• _Task objective_
In the entries below, find every line holding the string "هانگ" and collect it.

(Recorded data)
◇ ◇ ◇ ◇ ◇ ◇ ◇

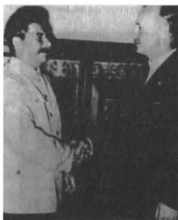
Στάλιν και Ρίμπεντροπ.

Γερμανοί και Ρώσοι Αξιωματικοί μετά την κατάκτησιν και διανομήν της Πολωνίας μεταξύ Γερμανίας και Ρωσίας. Κατόπιν οι σοβιετικοί «εδίκαζαν» τους Ναζί, διά την επίθεσιν κατά της Πολωνίας.
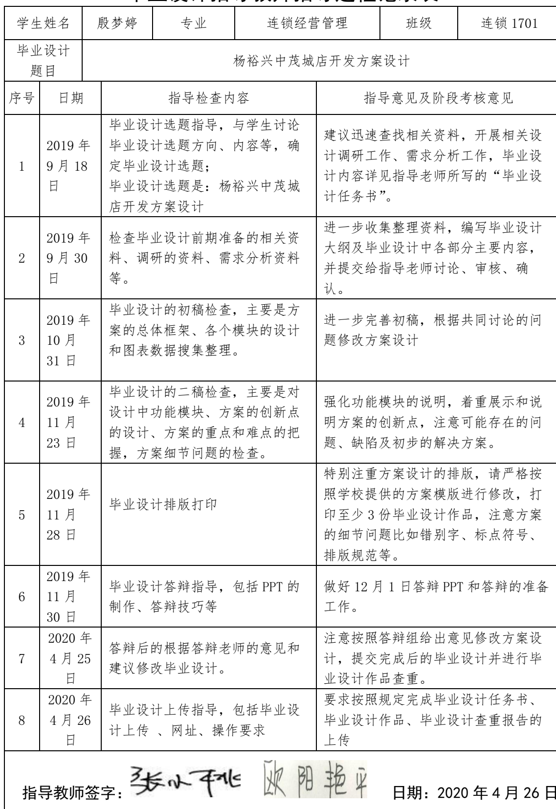
毕业设计指导教师指导过程记录表
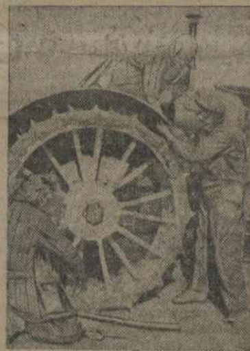
Ударніцы рамонтуюць трантар

У гэтым жа сельсавеце ёсьць колгас „Вольны Край“, які вельмі слаба выдзе работу па падрыхтоўцы выхаду ў поле. Інвентар не адрамантаваны.
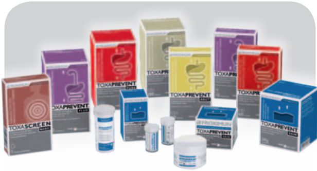
Die FROXIMUN® TOXAPREVENT® Produktserie – für die innere und äußere Anwendung
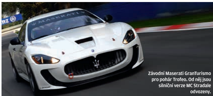
Závodní Maserati GranTurismo pro pohár Trofeo. Od něj jsou silniční verze MC Stradale odvozeny.

Lehkost a divokost, kterou cítíte ve volantu, intenzivním způsobem doplňuje také motor. Atmosférický osmiválec vznikl v mnoha verzích (viz samostatný box) a v této aplikaci jde o typ s největším objemem 4,7 litru a výkonem naladěným na 460 koní. Když se řekne atmosférický motor, právě tento osmiválec by měl být první, který vás napadne. Je to úžasná věc s plochou klikovou hřídelí a nezaměnitelným zvukem, projevem i emocemi. Patří k těm motorům, u nichž je poměrně těžké propracovat se k jejich omezovači – tedy bavíme-li se o sportovní jízdě pod plným plynem. Poslední jeden až dva tisíce otáček
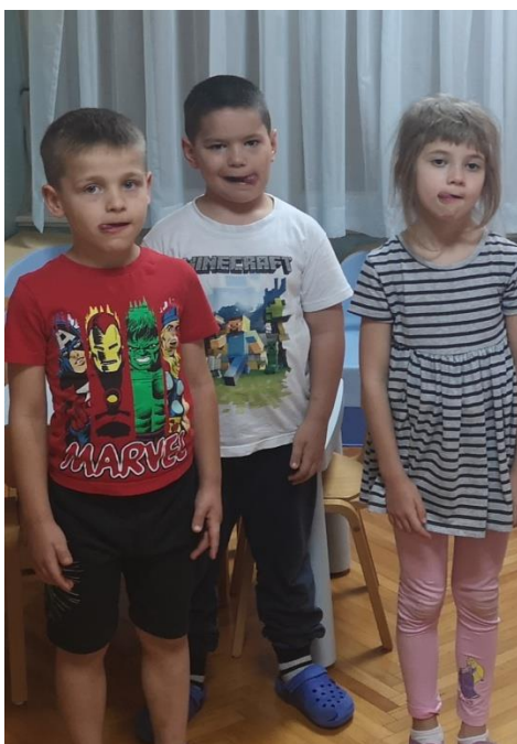
Slika 5 Vježba za usne i jezik
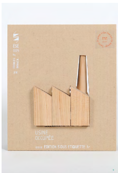
Édition sous étiquette Usine occupée Prix d'achat 33,97 HT
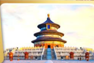
หอฟ้าเทียนฐาน
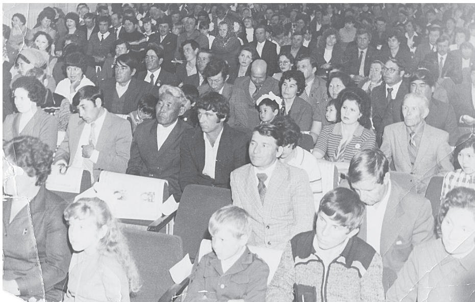
Фото из архива Н.М. ШАЛАЕВОЙ, с. Енотаевка. 1982 г. Слёт трудовых династий в старом ДК с. Енотаевка
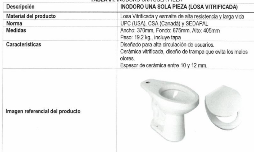
TABLA 01. INODORO UNA SOLA PIEZA

GOBIERNO REGIONAL AYACUCHO Proyecto: "Mejoramiento de los Servicios Educativos en la Institución Educativa Pública María Auxiliadora, Distrito Huanta, Provincia de Huanta - Ayacucho" Ing. Jhon R. Carrasco Sinchitullo CIP: 111800 RESIDENTE DE OBRA
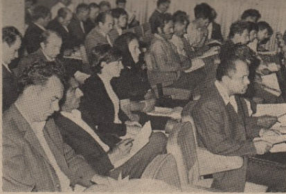
ОДБОРНИЦИ: амандмани су потреба сваког радног човека

До краја седнице одборници су приватни и предлози о годишњем завршном рачуну порезе грађана општине Бор, о укидању Фонда за изградњу Дома културе, затим, предлог решења за оделења средстава из буџетске резерве — Организационо одбору библиокастичке трке кроз Југо-слављу, међуопштинској
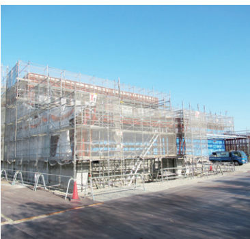
新学校給食センター（令和3年1月15日現在）
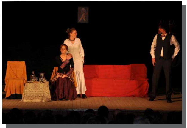
Csehov: Leánykérés (előadás), 2011.
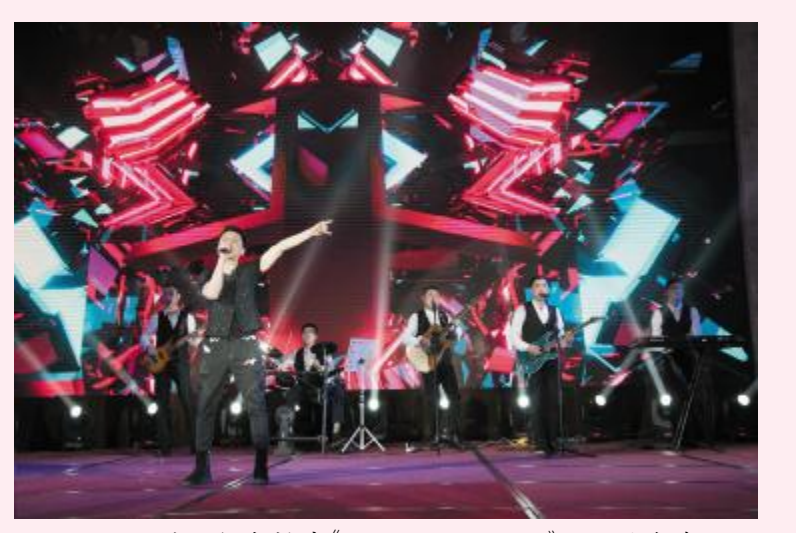
乐队组合摇滚《we will rock you》——渔龙会酒吧
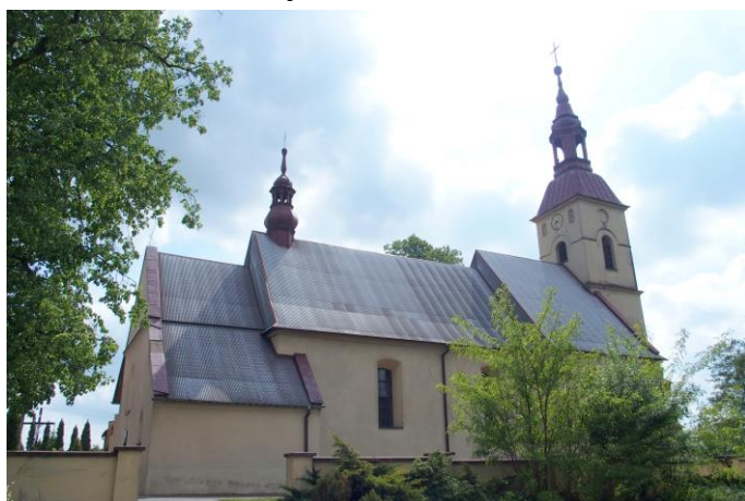
Zdjęcie nr 3. Kościół parafialny pw. św. Piotra i Pawła, ul. Krzepicka 2

Kościół parafialny pw. św. Piotra i Pawła, ul. Krzepicka 2, Parzymiechy, 1460 r., 1750 r., k. XIX w., rekonstrukcja w 1934 r.
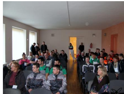
Vērtētāji: SIA „SAKRET”pārstāvji
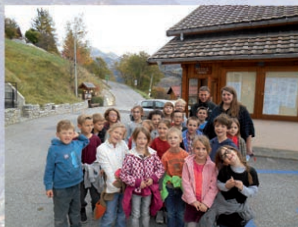
Les élèves de la classe de Stéphanie
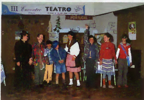
Actores de "Os Crónicos"

serem apresentadas duas pequenas comédias "As Respostas do 39" e "Ressonar sem Dormir" levadas a cena pelos formandos do Curso de Teatro, organizado pela Câmara Municipal e orientado por técnico do INATEL.
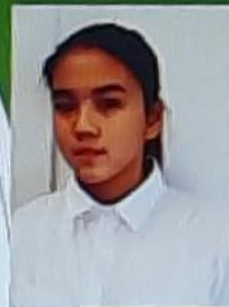
Тартип министри Асылбекова Феруза
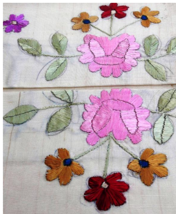
Tekstil zbukurues i duarve, endur, qëndisur me fije mëndafshi shumëngjyrësh. Përmasat: 115 x 40 cm. Ornamented hand textile, woven, embroidered with multicolored silk threads. Dimension: 115 x 40 cm.
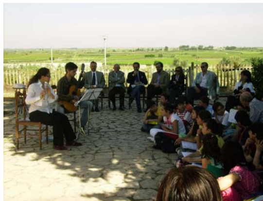
Un momento di serenità e di distacco dal caos della vita quotidiana

Il progetto consiste nell'organizzare incontri nella stazioncina di Canne della Battaglia, in cui si alternano momenti di silenzio a momenti di riflessione su brani poetici o ascolto di musica classica eseguita da musicisti di comprovata esperienza.
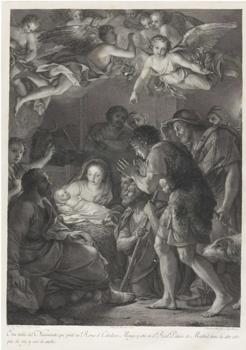
Figura 5. Raffaello Morghen, La Adoración de los pastores , según dibujo de José Beratón sobre el original de Anton Raphael Mengs, h. 1791, R2724, talla dulce, aguafuerte y buril sobre plancha de cobre, 615 x 414 mm, Calcografía Nacional, Real Academia de Bellas Artes de San Fernando, Madrid.
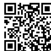
社用車を活用した広報啓発
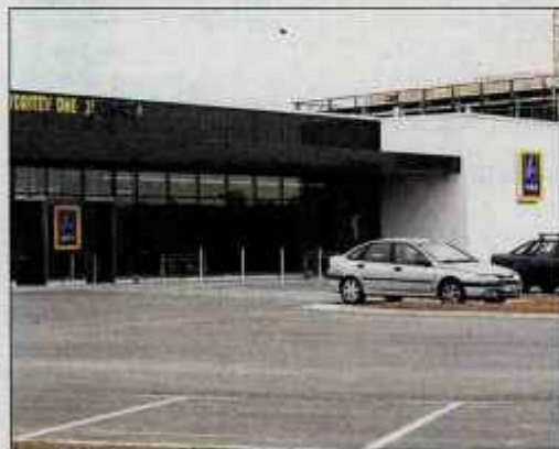
V četrtek bo Hofer v Kranju odprl prodajalno, konec julija pa tudi v Škofji Loki.

Za kupljene izdelke zagotavljajo tudi t. i. garancijo kakovosti, kar pomeni, da kupci izdelke lahko vrnejo v prodajalno, če z njimi niso zadovoljni. Na vprašanje Gorenjskega glasa o nadaljnjih investicijah v času finančno-gospodarske krize, v Hoferju odgovarjajo: "Odprijetih novih
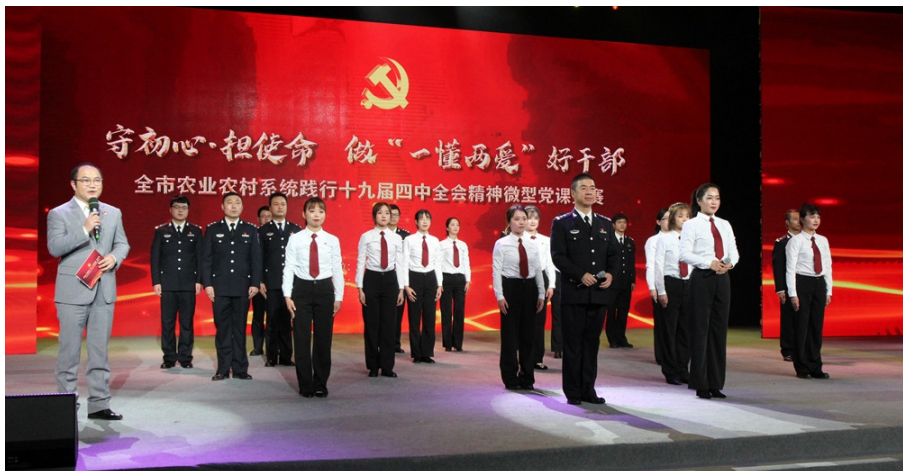
守初心·担使命 做“一懂两爱”好干部 ——全市农业农村系统践行十九届四中全会精神微型党课竞赛

（三）深研细琢，制定标准“释”担当。注重引导党员干部在学中思、议中悟，在学习贯彻习近平总书记在浙江考察调研时重要讲话
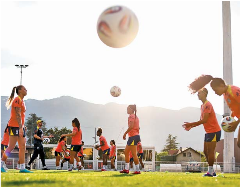
Ontem, foi o segundo treino com todas as 23 convocadas

Seleção feminina de futebol enfrenta hoje a equipe francesa em último amistoso antes da estreia na Copa América
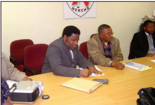
Signature de l'accord avec le Fonds Mondial
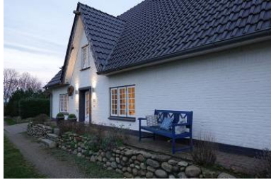
Die Aussenansicht des Hauses Friesengeist in Wrixum, Ohl Dörp 25

Die Unterkunft verteilt sich über EG und 1.OG.
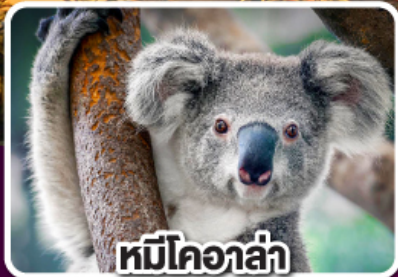
หมีโคอาล่า
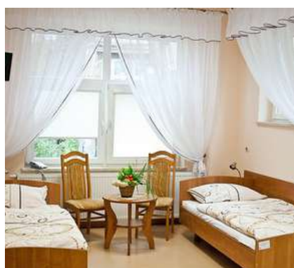
Pokój Sanatorium Uzdrawiskowe Nr IV
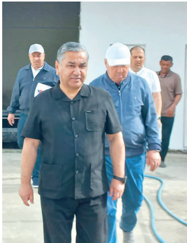
Давоми. Бошланиши 1-саҳифада.

Президентнинг "Маҳалла институтининг жамиятдаги ролини тубдан ошириш ва унинг аҳоли муаммоларини ҳал этишда биринчи бўлин сифатида ишлашни таъминлашга қаратилган чора-тадбирлар тўғрисида"ги фармони ҳамда "Ўзбекистон маҳаллалари уюшмаси фаолиятини йўлга қўйиш ва маҳаллаларда бошқарув тизимини такомиллаштиришга оид қўшимча чора-тадбирлар тўғрисида"ги қарори ижроси юзасидан тушунтиришлар берилди.
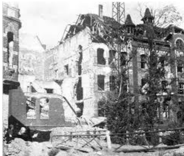
Zniszczenia wojenne.

Miasto jest zniszczone w około 60 procentach.
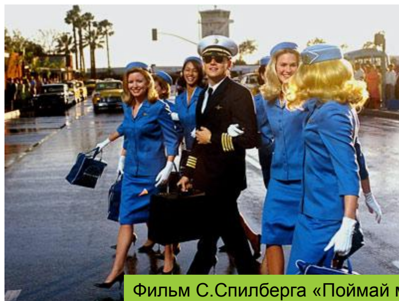
Фильм С.Спилберга «Поймай меня, если сможешь»
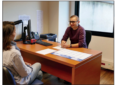
Bureau de consultation - CMP St Michel
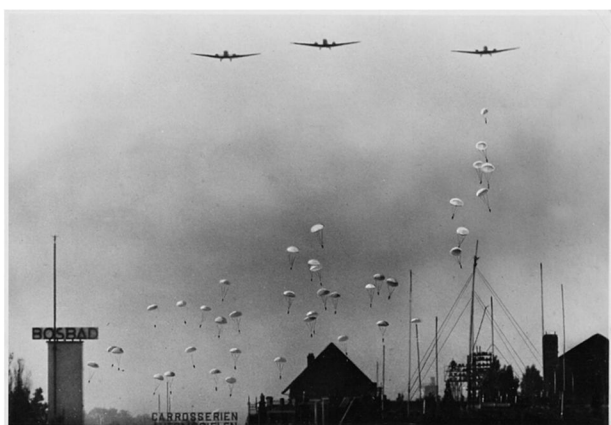
Duitse parachutisten in Holland, mei 1940

van de zeezijde. Het officiële tijdstip was vijf minuten vóór vier. Zonder voorafgaan- de oorlogsverklaring viel het Duitse leger Nederland binnen. De overmacht was over- rompelend. De Nederlandse militairen die, sinds in april 1940 de staat van beleg was afgekondigd, voorbereid waren op een mogelijke Duitse invasie, werden door het oorverdovende lawaai in hun slaap gewekt en velen vielen al snel als krijgsgevangenen in Duitse handen. Veel Nederlandse vlieg- tuigen werden in de vroege ochtend van 10 mei 1940 op hun basis vernietigd door Duitse bombardementen. Vliegtuigen die kans zagen op te stijgen, leverden indruk- wekkende prestaties, zeker als men beseft dat één Nederlands toestel doorgaans vijf tot tien Duitse opponenten tegenover zich vond. Het Duitse leger moest hoe dan ook een hoge prijs betalen voor de invasie in Nederland. De Brigade Luchtdoelartillerie vormde een levensgrote bedreiging voor de logge Duitse transportvliegtuigen. Door de luchtafweer werden ruim tweehonderd toe- stellen neergehaald. Het Duitse plan om de koningin en de regering gevangen te ne- men, was mislukt.
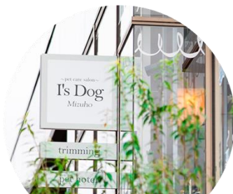
I's Dog 瑞穂店
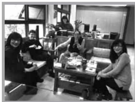
北美台灣更新同工相見歡
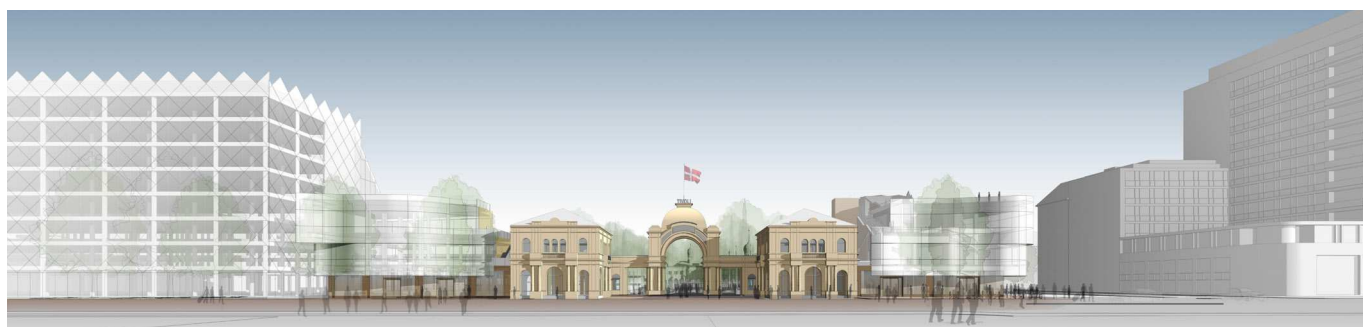
Projektet mod Vesterbrogade, hvor hele projektet er opført. Ill. Pei Cobb Freed & Partners.
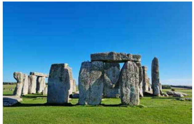
ستۆن هانگ، به ریتانیا، (شیوه ی ۸).

لاند ئارت له هونه رو ئەفسانه پۆشنیبری و کولتوورییه کۆنه کانه وه سوودی بینیه، که ماوه یه کی درێژه فه وتاون و زۆربه یان نه ماون. له کولتووری به ردینی (ستۆن هانگ) (شیوه ی ۸) له ئینگلته را و نه خشکارییه گه وه کانی (ئه نکیه کان و ئەزسته کیه کانی) سه ر زه وی. که له کۆندا بۆ په یوه ندی کردنی نیوان زینده وه ره شاراوه کان و هیزه میتافیزیکییه کان یان ئەوانه ی پشت سروشته وه به کار هیناون. ئەم هونه ره په گوریشه ی بۆ هۆزی پیرو له باشووری ئەمه ریکا ده گه رپته وه، کاره کان له هه ندیک هیمما ئالۆز پیک هاتوون، بۆچوونه کان بۆ ئەوه ده چن که «ئهو هیممایانه ده گه رپنه وه بۆ شارستانی نازکا (شیوه ی ۹) له نیوان ۴۰۰- ۶۵۰ زاینی. تا ئیستا ئەوه نه دۆزراوه ته وه که چۆن یان بۆچی ئەو ویتانه به و شیوه یه کیشراون، له سه ر رووبه ریکی فراوان که جیهانی سه رسام کردوه». (بلاسم، سلام: ۲۰۱۵، ل ۶۹).
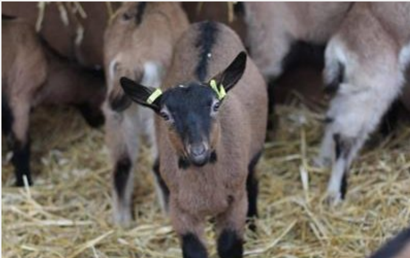
La Cabane de Jabi
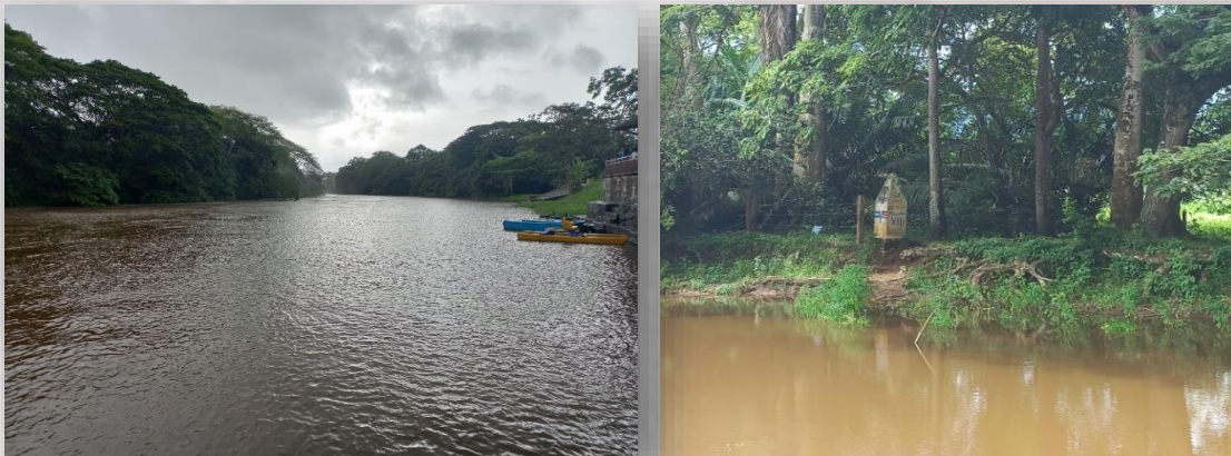
El Río Frío y mojón que indica el límite geopolítico entre Costa Rica y Nicaragua

Caminar por la mañana permite contemplar la belleza del lugar, al tiempo que sentir el calor del trópico y la humedad característica de la época de lluvias. Los Chiles es resguardado por el imponente Río Frío, que inicia en Costa Rica y desemboca en Nicaragua, recordándonos que la naturaleza no tiene fronteras, que éstas han sido impuestas por la humanidad.

◇ ◇ ◇ ◇ ◇ ◇ ◇

• _Problem solution_
ستۆن هانگ، به ریتانیا، (شیوه ی ۸).
لاند ئارت له هونه رو ئەفسانه پۆشنیبری و کولتوورییه کۆنه کانه وه سوودی بینیه، که ماوه یه کی درێژه فه وتاون و زۆربه یان نه ماون. له کولتووری به ردینی (ستۆن هانگ) (شیوه ی ۸) له ئینگلته را و نه خشکارییه گه وه کانی (ئه نکیه کان و ئەزسته کیه کانی) سه ر زه وی. که له کۆندا بۆ په یوه ندی کردنی نیوان زینده وه ره شاراوه کان و هیزه میتافیزیکییه کان یان ئەوانه ی پشت سروشته وه به کار هیناون. ئەم هونه ره په گوریشه ی بۆ هۆزی پیرو له باشووری ئەمه ریکا ده گه رپته وه، کاره کان له هه ندیک هیمما ئالۆز پیک هاتوون، بۆچوونه کان بۆ ئەوه ده چن که «ئهو هیممایانه ده گه رپنه وه بۆ شارستانی نازکا (شیوه ی ۹) له نیوان ۴۰۰- ۶۵۰ زاینی. تا ئیستا ئەوه نه دۆزراوه ته وه که چۆن یان بۆچی ئەو ویتانه به و شیوه یه کیشراون، له سه ر رووبه ریکی فراوان که جیهانی سه رسام کردوه». (بلاسم، سلام: ۲۰۱۵، ل ۶۹).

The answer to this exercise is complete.